* [Assignment]:
Could you reproduce every record below exactly as it stands?

Data for processing below:

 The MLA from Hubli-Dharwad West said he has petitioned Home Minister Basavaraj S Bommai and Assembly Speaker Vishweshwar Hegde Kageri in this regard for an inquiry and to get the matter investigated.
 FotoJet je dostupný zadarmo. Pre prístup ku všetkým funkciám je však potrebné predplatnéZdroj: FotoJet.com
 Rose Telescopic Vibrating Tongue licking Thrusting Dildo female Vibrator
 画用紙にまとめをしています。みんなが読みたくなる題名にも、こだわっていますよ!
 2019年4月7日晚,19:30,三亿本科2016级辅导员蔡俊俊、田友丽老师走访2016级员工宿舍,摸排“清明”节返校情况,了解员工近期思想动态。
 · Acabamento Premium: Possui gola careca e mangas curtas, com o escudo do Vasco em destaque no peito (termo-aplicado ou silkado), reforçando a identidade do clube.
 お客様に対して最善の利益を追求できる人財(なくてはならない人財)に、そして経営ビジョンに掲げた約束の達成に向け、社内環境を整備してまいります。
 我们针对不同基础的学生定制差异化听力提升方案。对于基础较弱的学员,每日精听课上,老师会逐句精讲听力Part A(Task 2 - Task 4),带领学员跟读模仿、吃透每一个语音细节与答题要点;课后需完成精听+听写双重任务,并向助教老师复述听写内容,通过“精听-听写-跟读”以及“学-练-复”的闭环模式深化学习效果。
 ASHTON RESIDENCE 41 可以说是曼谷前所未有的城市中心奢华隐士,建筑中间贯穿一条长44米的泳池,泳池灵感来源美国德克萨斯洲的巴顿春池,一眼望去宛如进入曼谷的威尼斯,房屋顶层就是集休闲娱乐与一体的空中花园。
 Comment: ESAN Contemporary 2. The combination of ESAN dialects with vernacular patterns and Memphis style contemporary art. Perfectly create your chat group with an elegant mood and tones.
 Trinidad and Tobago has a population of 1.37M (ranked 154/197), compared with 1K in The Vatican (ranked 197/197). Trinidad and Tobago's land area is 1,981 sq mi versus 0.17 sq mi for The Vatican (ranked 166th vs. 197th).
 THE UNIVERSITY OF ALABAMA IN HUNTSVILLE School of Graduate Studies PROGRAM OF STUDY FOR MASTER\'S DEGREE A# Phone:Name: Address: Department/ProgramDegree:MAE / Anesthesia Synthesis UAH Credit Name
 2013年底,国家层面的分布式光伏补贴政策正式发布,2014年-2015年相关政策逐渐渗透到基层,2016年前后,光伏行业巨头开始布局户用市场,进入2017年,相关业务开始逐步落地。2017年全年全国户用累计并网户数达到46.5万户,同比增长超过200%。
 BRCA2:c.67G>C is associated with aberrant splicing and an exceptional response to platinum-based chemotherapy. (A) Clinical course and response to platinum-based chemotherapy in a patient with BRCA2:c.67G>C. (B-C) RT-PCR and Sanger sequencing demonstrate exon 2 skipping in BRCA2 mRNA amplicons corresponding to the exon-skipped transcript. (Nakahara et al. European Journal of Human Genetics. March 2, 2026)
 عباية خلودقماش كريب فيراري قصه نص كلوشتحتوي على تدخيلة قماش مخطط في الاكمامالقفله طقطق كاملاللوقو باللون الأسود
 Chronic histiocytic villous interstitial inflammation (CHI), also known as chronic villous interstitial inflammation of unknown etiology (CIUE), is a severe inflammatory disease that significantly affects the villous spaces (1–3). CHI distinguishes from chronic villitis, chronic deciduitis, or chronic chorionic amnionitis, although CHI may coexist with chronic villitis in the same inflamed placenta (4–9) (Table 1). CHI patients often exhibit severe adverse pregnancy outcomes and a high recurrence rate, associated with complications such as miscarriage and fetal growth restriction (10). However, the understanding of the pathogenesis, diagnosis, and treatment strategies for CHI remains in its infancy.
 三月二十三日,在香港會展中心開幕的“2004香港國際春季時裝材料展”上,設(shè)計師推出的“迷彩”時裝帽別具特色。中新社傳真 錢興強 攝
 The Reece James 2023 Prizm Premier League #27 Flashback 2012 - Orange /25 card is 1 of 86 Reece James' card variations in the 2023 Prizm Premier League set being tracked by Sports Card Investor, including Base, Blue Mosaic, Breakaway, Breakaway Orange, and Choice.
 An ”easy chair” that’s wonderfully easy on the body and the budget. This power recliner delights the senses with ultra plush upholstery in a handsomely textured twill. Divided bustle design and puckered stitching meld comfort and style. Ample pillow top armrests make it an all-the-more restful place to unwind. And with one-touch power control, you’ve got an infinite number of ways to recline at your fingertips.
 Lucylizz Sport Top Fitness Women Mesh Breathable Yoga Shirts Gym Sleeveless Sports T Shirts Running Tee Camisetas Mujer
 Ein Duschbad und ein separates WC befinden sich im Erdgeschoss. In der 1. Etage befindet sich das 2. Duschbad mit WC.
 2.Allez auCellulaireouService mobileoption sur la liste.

End of Data for processing.

* [Response]:
 The MLA from Hubli-Dharwad West said he has petitioned Home Minister Basavaraj S Bommai and Assembly Speaker Vishweshwar Hegde Kageri in this regard for an inquiry and to get the matter investigated.
 FotoJet je dostupný zadarmo. Pre prístup ku všetkým funkciám je však potrebné predplatnéZdroj: FotoJet.com
 Rose Telescopic Vibrating Tongue licking Thrusting Dildo female Vibrator
 画用紙にまとめをしています。みんなが読みたくなる題名にも、こだわっていますよ!
 2019年4月7日晚,19:30,三亿本科2016级辅导员蔡俊俊、田友丽老师走访2016级员工宿舍,摸排“清明”节返校情况,了解员工近期思想动态。
 · Acabamento Premium: Possui gola careca e mangas curtas, com o escudo do Vasco em destaque no peito (termo-aplicado ou silkado), reforçando a identidade do clube.
 お客様に対して最善の利益を追求できる人財(なくてはならない人財)に、そして経営ビジョンに掲げた約束の達成に向け、社内環境を整備してまいります。
 我们针对不同基础的学生定制差异化听力提升方案。对于基础较弱的学员,每日精听课上,老师会逐句精讲听力Part A(Task 2 - Task 4),带领学员跟读模仿、吃透每一个语音细节与答题要点;课后需完成精听+听写双重任务,并向助教老师复述听写内容,通过“精听-听写-跟读”以及“学-练-复”的闭环模式深化学习效果。
 ASHTON RESIDENCE 41 可以说是曼谷前所未有的城市中心奢华隐士,建筑中间贯穿一条长44米的泳池,泳池灵感来源美国德克萨斯洲的巴顿春池,一眼望去宛如进入曼谷的威尼斯,房屋顶层就是集休闲娱乐与一体的空中花园。
 Comment: ESAN Contemporary 2. The combination of ESAN dialects with vernacular patterns and Memphis style contemporary art. Perfectly create your chat group with an elegant mood and tones.
 Trinidad and Tobago has a population of 1.37M (ranked 154/197), compared with 1K in The Vatican (ranked 197/197). Trinidad and Tobago's land area is 1,981 sq mi versus 0.17 sq mi for The Vatican (ranked 166th vs. 197th).
 THE UNIVERSITY OF ALABAMA IN HUNTSVILLE School of Graduate Studies PROGRAM OF STUDY FOR MASTER\'S DEGREE A# Phone:Name: Address: Department/ProgramDegree:MAE / Anesthesia Synthesis UAH Credit Name
 2013年底,国家层面的分布式光伏补贴政策正式发布,2014年-2015年相关政策逐渐渗透到基层,2016年前后,光伏行业巨头开始布局户用市场,进入2017年,相关业务开始逐步落地。2017年全年全国户用累计并网户数达到46.5万户,同比增长超过200%。
 BRCA2:c.67G>C is associated with aberrant splicing and an exceptional response to platinum-based chemotherapy. (A) Clinical course and response to platinum-based chemotherapy in a patient with BRCA2:c.67G>C. (B-C) RT-PCR and Sanger sequencing demonstrate exon 2 skipping in BRCA2 mRNA amplicons corresponding to the exon-skipped transcript. (Nakahara et al. European Journal of Human Genetics. March 2, 2026)
 عباية خلودقماش كريب فيراري قصه نص كلوشتحتوي على تدخيلة قماش مخطط في الاكمامالقفله طقطق كاملاللوقو باللون الأسود
 Chronic histiocytic villous interstitial inflammation (CHI), also known as chronic villous interstitial inflammation of unknown etiology (CIUE), is a severe inflammatory disease that significantly affects the villous spaces (1–3). CHI distinguishes from chronic villitis, chronic deciduitis, or chronic chorionic amnionitis, although CHI may coexist with chronic villitis in the same inflamed placenta (4–9) (Table 1). CHI patients often exhibit severe adverse pregnancy outcomes and a high recurrence rate, associated with complications such as miscarriage and fetal growth restriction (10). However, the understanding of the pathogenesis, diagnosis, and treatment strategies for CHI remains in its infancy.
 三月二十三日,在香港會展中心開幕的“2004香港國際春季時裝材料展”上,設(shè)計師推出的“迷彩”時裝帽別具特色。中新社傳真 錢興強 攝
 The Reece James 2023 Prizm Premier League #27 Flashback 2012 - Orange /25 card is 1 of 86 Reece James' card variations in the 2023 Prizm Premier League set being tracked by Sports Card Investor, including Base, Blue Mosaic, Breakaway, Breakaway Orange, and Choice.
 An ”easy chair” that’s wonderfully easy on the body and the budget. This power recliner delights the senses with ultra plush upholstery in a handsomely textured twill. Divided bustle design and puckered stitching meld comfort and style. Ample pillow top armrests make it an all-the-more restful place to unwind. And with one-touch power control, you’ve got an infinite number of ways to recline at your fingertips.
 Lucylizz Sport Top Fitness Women Mesh Breathable Yoga Shirts Gym Sleeveless Sports T Shirts Running Tee Camisetas Mujer
 Ein Duschbad und ein separates WC befinden sich im Erdgeschoss. In der 1. Etage befindet sich das 2. Duschbad mit WC.
 2.Allez auCellulaireouService mobileoption sur la liste.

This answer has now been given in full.